Isn’t this circle rubbish getting tiresome? Actually, it sort of makes sense: all of his
arguments are going in circles, so why not express circular arguments in term of a circular
metaphor?
- Whatever is outside the biggest circle is an uncaused cause, because you can
always draw a circle around an effect.
It’s right back to one of the classic crackpot arguments for god:
the uncaused cause. Every effect must have a cause; before the universe
was created, there was nothing to cause anything, so there must be something
outside of it, therefore god.
It’s a dreadful argument in general. But it’s worse here. He’s just spent all of this time
arguing that you can’t prove anything by what he calls inductive reasoning. Just because
every event that you’ve ever seen has a cause, by his own argument, that doesn’t mean
that you can conclude that every event must have a cause.

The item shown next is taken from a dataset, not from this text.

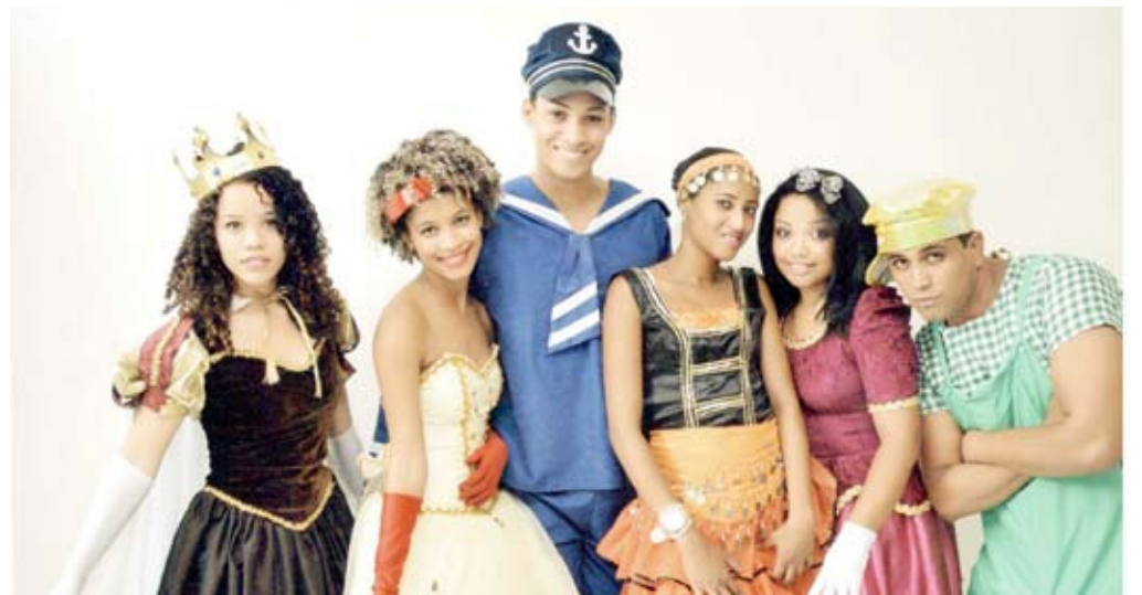
O jovem elenco da peça "Leituras e Travessuras é uma Gostosura", amanhã no Margarida Ribeiro.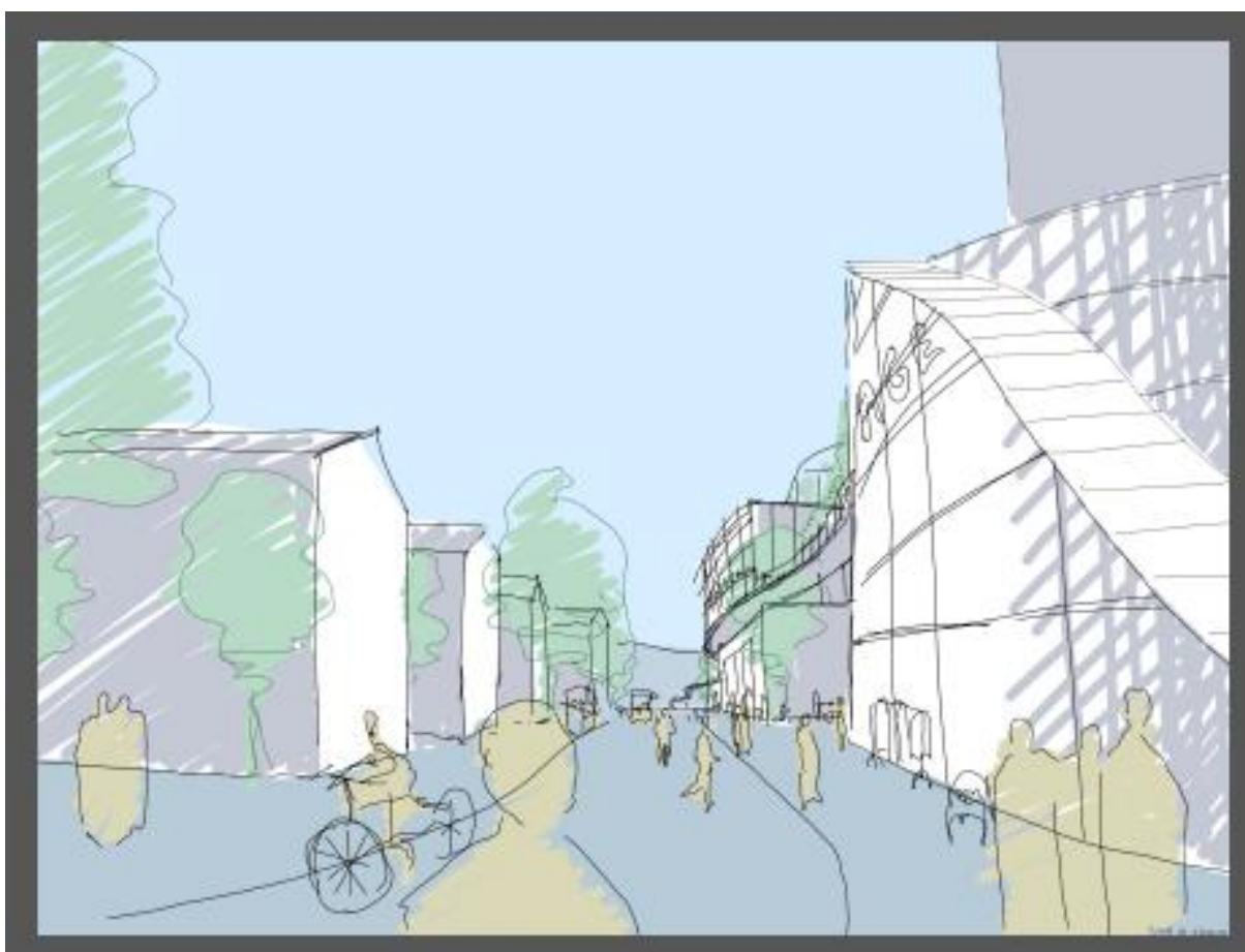
Sem Sælands vei sett fra Høgskoleringen

And even that isn’t the worst of it: he’s claiming that all of this is
“proven” by Gödel’s theorem. It’s not. The universe isn’t a formal mathematical
system. And even if it was, by this argument, God wouldn’t be what religious
folks think of as God; God wouldn’t be a sentient force that created the universe; God
would just be a self-referential statement encoded in arithmetic. Not exactly what most of
us religious folks believe.
And then, he needs to repeat that whole stupid argument again, this time using
“information” instead of “matter and energy”. It’s like he wants to make my argument for me. You
can substitute anything into that, and repeat the argument. Matter, space,
information, intelligence, consciousness, colors, shapes. Seriously – just try it. “If we
draw a circle around all of the colors in the universe, then anything outside of the circle can’t
have a color: it must be colorless! Therefore, by Gödel’s theorem, there must be a colorless thing outside
of the circle of color which is the creator of all color!”
A little bit of knowledge is a dangerous thing. It can convince you that an argument
this idiotic and this sloppy is actually profound. It can convince you to publicly make
a raging jackass out of yourself, by rambling on and on, based on a stupid misunderstanding of
a simplified, informal, intuitive description of something complex.